Redfin pays you for each property showing, for each open house, for each inspection you attend. You must be a licensed realtor like you.

You pick the days and hours you want to work and they'll fill your schedule.

If Redfin is down by you check it out. In an active market u can make $1k weekly working 6 days a week business hours. No early mornings No nights.

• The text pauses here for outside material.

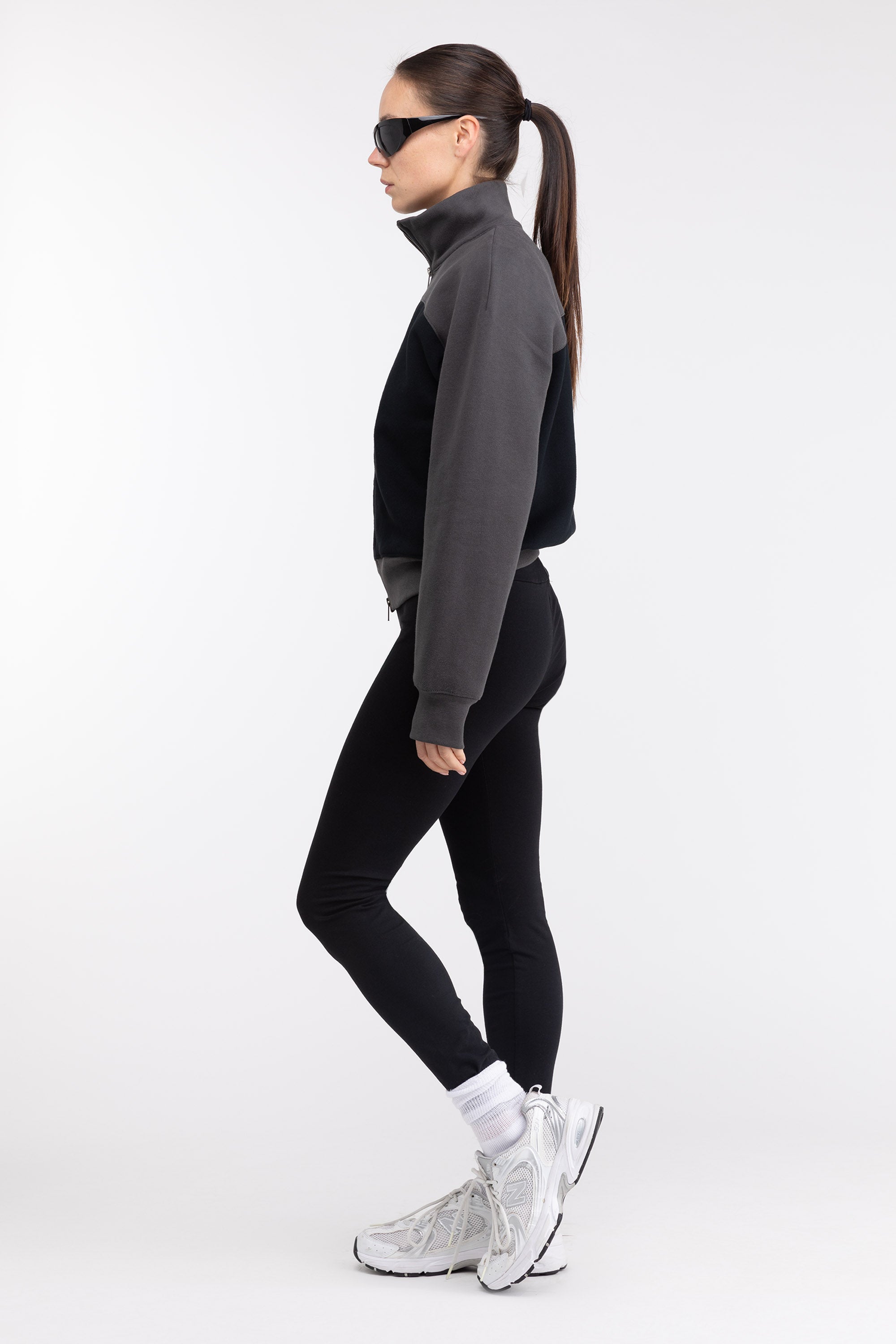 Relaxed fit. High neckline. Two-way zip front. Colour block design. Side pockets. 22.75" length based on size S.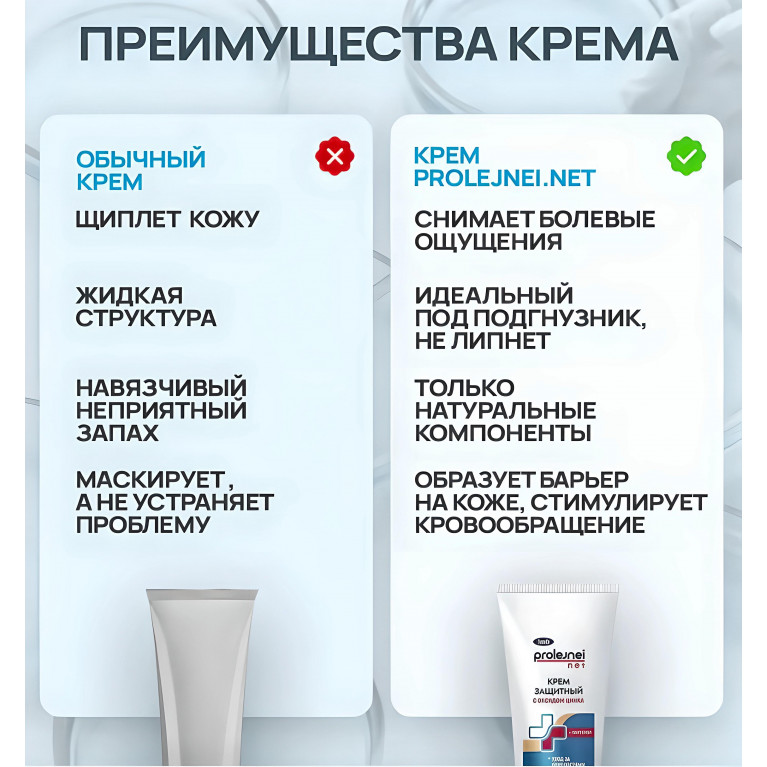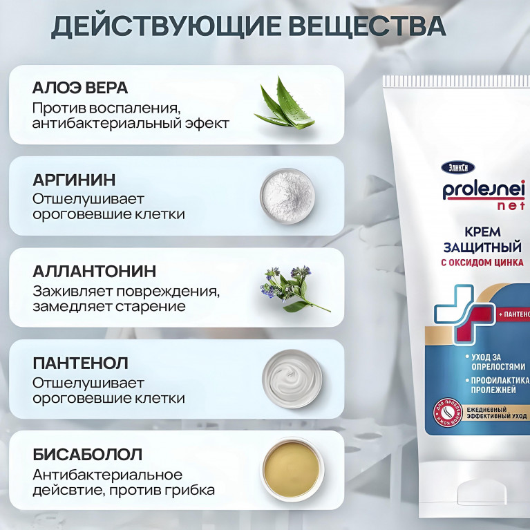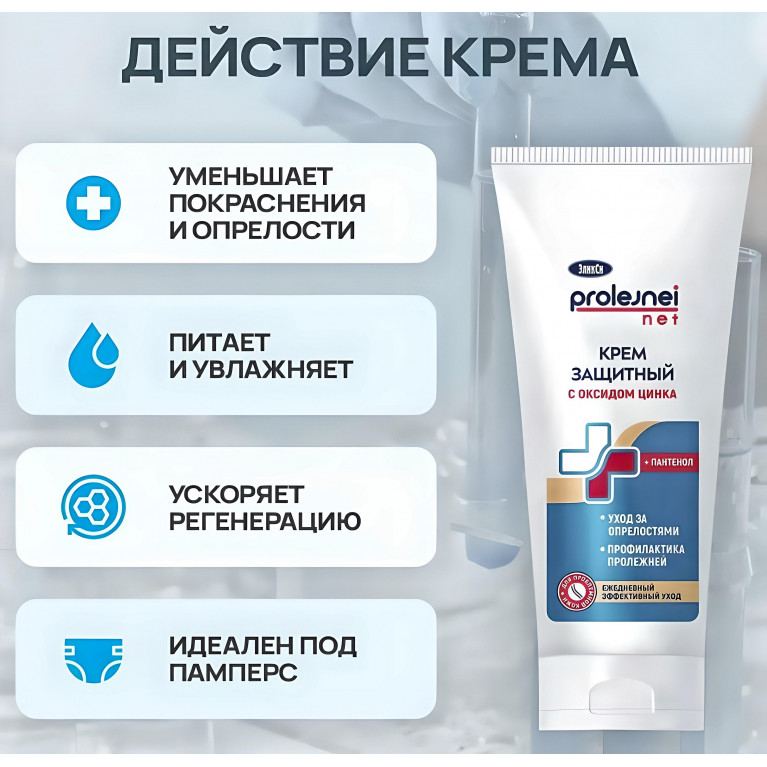 ЭликСи PROLEJNEI NET Крем защитный с оксидом цинка - высокоэффективное средство, которое применяется для ежедневного ухода за кожей лежачих больных и людей с ограниченной подвижностью.

There's a video interview process with their Seattle Corp headquarters.
Once approved it's sent to your local Redfin office where you'll be called in for a face to face.


----------



## Christinebitg (Jun 29, 2018)

UberLyftFlexWhatever said:


> You pick the days and hours you want to work and they'll fill your schedule.
> 
> If Redfin is down by you check it out.


Yes, they're here where I live.

Any idea how they actually make their money? Understanding their business model is worth doing, and their website doesn't really say. It's just a rosy picture. Not too much different from Uber in that regard. 

I'm going look into it. Thanks!

Christine


----------



## UberLyftFlexWhatever (Nov 23, 2018)

:bigtears:


Christinebitg said:


> Yes, they're here where I live.
> 
> Any idea how they actually make their money? Understanding their business model is worth doing, and their website doesn't really say. It's just a rosy picture. Not too much different from Uber in that regard.
> 
> ...


How they make their money:
Redfin Corp keeps 100% of commissions from all sales.
Senior agents are salaried employees with all the benefits,
and contractors, non employees (as I discribed above) are paid by each job.

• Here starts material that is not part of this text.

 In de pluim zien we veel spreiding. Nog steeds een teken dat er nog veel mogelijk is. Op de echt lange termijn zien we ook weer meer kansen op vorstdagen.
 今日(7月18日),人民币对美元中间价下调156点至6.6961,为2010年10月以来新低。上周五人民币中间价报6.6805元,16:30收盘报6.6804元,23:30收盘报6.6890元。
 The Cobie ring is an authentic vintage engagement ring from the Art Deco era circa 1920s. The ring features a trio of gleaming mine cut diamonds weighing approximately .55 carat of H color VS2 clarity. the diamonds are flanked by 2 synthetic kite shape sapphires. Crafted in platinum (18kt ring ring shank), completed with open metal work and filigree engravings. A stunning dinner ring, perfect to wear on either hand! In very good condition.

lots More money than uber, pick ur own hours and days, and ur conducting yourself as a professional licensed realtor, not a chump cab driver for below minimum wage....
....:bigtears:.Who constantly plays the cry-baby victim,:nailbiting: boring everyone. :yawn: Boo Whoo

I prefer the IC Redfin over employee. Once you're salaried, they own u.


----------



## Cheeetah (Jul 15, 2018)

Okay, we've jumped the shark. Although the real estate angle is worth consideration.


----------



## LakerLeBron (Oct 10, 2018)

acescracked7 said:


> I'm in a really bad position.
> 
> 26 years old. Left my customer service job of 5 years in May, lived in San Diego at the time. Began driving full time (drove part-time since Dec 2016).
> 
> ...


I am sorry to hear that.
Please work hard every day.


----------



## UberBastid (Oct 1, 2016)

Cheeetah said:


> Okay, we've jumped the shark. Although the real estate angle is worth consideration.

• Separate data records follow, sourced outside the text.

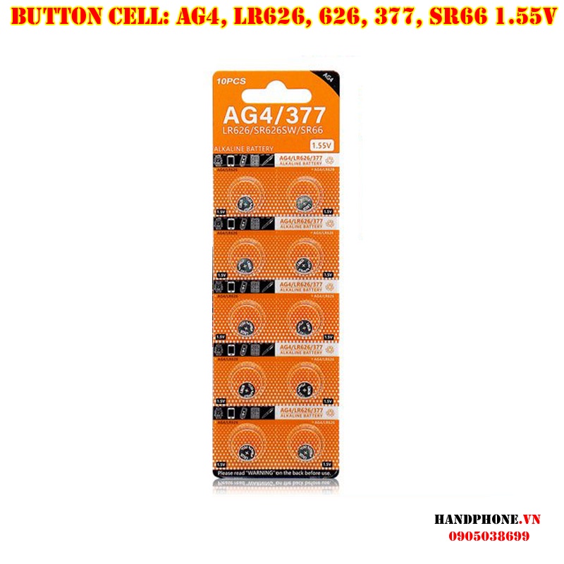 1 vỉ 10 viên pin cúc áo 1.5V AG4, LR626, 377, 626, SR66 Pin Kẽm, Mangan, Alkaline Battery cho Đồng Hồ, Máy Tính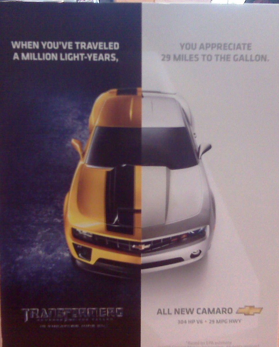 LOL, that is awesome. Michael Bay's done wonders for the Camaro's publicity.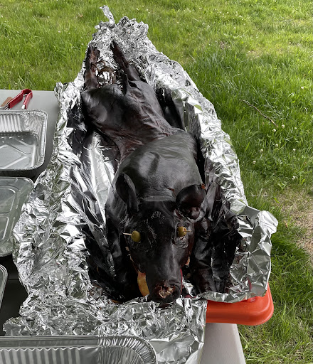 And, yes, the pig was excellent! A few dry spots. But, mostly well smoked and succulent. I, for one, fought for some of the jowls - and was well-rewarded.
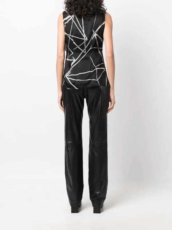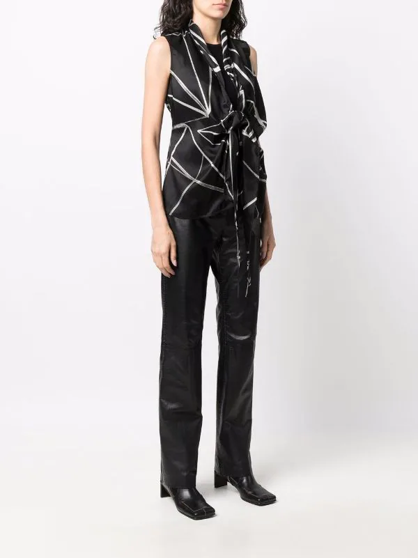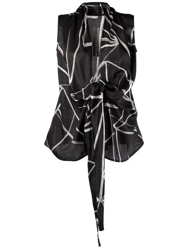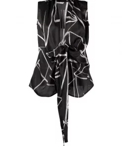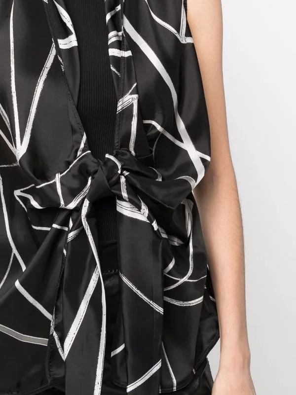Imprimé graphique intégral, taille nouée, design sans manches. Couleur : noir.

You think the Uber career is crowded?
Wait till you get into real estate.

There's an old joke about a cop pulling over someone. Walks up to the car and the driver says, "I guess you wanna see my drivers license?" Cop says, "Naw. Not everyone has one of those. Let me see your Real Estate License."


----------



## LakerLeBron (Oct 10, 2018)

Please don’t listen to lazy people.


----------



## peteyvavs (Nov 18, 2015)

Las Vegas Dude said:


> Boyfriend might have to get a second job.


Maybe the boyfriend is the cause of her anxiety.


----------



## Bob fox (May 18, 2016)

Cableguynoe said:


> hmmmm. just realized we don't know if it's a guy or gal?
> 
> Just reading it I assumed female.
> 
> ...


Sexist


----------



## MadTownUberD (Mar 11, 2017)

I hate to say it but I'm going to have to agree with steveK2016 . In my opinion the cure for most of life's issues is having to get up and go to work in the morning. Just do it and don't look back! I have familiar members who are much older than 26 and trapped in a cycle of just...not...wanting to work for anyone. Their options are severely limited. Don't get stuck in that cycle!


----------



## everythingsuber (Sep 29, 2015)

UberLyftFlexWhatever said:


> Get your real estate license. Most of the courses are online then u take the test.
> But it's straight commission, no salary no draw.
> 
> Craigslist always has lots of job listings in many categories


Sales of some form can work. Just a question of finding the right product. Real estate is great if you have the right support network in your personal life but it is hard work and all consuming. No shortage of products out there that can earn you good money though.


----------



## UberLyftFlexWhatever (Nov 23, 2018)

everythingsuber said:


> Sales of some form can work. Just a question of finding the right product. Real estate is great if you have the right support network in your personal life but it is hard work and all consuming. No shortage of products out there that can earn you good money though.


"but it is hard work"
Every uber drivers fear.
LOL

Everyone wants a job
But no one wants to Work


----------



## SurgeMasterMN (Sep 10, 2016)

Agreed.... earnings have been halved because of saturation. Building my business model around XL only has proven to not work well recently unless you are doing late nights and or business travelers going outbound. Am looking at getting a cheap 5K vehicle (for X rides) that gets good gas mileage 40-50 MPG. Hope it last a year to 1.5 years with minimal maintenance. 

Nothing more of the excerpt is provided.